8 to 10 cookies | Prep: 15 to 20 minutes | Cook: 15 to 17 minutes at 190°C
Ingredients
- 115g Half & half flour
- 70g Brown sugar
- 50g Cooked Squash (Either butternut or Hokkaido squash)
- 50g Plant milk
- 100g Melted vegan butter
- 3g Cinnamon
- 2g Baking Soda
- 1g Salt
- 100g Chocolate chips
- 50g Pecan nuts or Walnuts
Instructions
- Preheat oven to 190°C. Line a large baking sheet with parchment paper; set aside.
- Mix the plant milk and squash in your blender until smooth then set aside.
- In a bowl, combine the flour, sugar, baking soda, cinnamon and salt; whisk well to combine.

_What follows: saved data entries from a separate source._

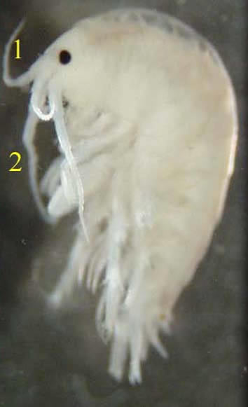 can be found in a variety of habitats. There is disagreement as to whether there is a single species or multiple species in the Northwest. The second antennae (lower) are similar in shape but longer than the first (upper), easily distinguishing Hyalella from any other amphipods. Corophium also has longer second antennae, but they are highly modified
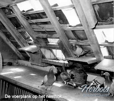 Fancier who had the opportunity to visit the brother Janssen and were expecting a huge villa with a big entrance and huge lofts behind the villa, were in for a surprise when they turned in the Schoolstraat in Arendonk and found a very simple house at n°6 which was built before the first world war. The famous white gate aside the house gave access to the garden behind the house. At the courtyard you could find a small loft which they called the ‘aviary’. There were some breeding couples and some older pigeons. Left of it was a garden loft where the young birds resided. In front of the loft there was an open aviary. This is where the widow hens resided. What stroke immediately when you entered the small court yard was a water well under the pear tree. Out of this well they took the drinking water for their pigeons. The nest pigeons and widow cocks resided at the attic of the house. In the roof there were some shelves.
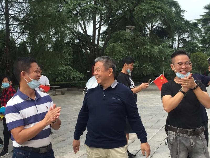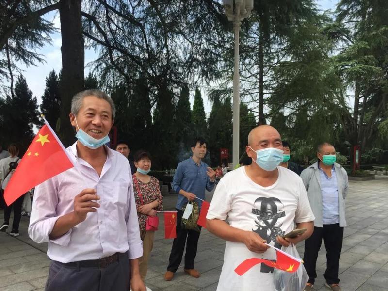 市民们早早的来为祖国庆生

- Melt the vegan butter in a bain-marie.
- Add all wet ingredients into the dry mixture and whisk until ingredients are well combined. The batter should be a little more consistent than cake batter. Add 60g of chocolate chips and all nuts then combine with a wooden spoon or a spatula.
- Scoop the dough onto the prepared cookie sheet, leaving a few inches between each cookies for spreading. Bake for 15 to 17 minutes, or until the edges are golden and the centers have set. Add remaining 40g of chocolate chips on top of warm cookies.
- Cool cookies on the baking sheet for 15 minutes before transferring them to a cooling rack or plate.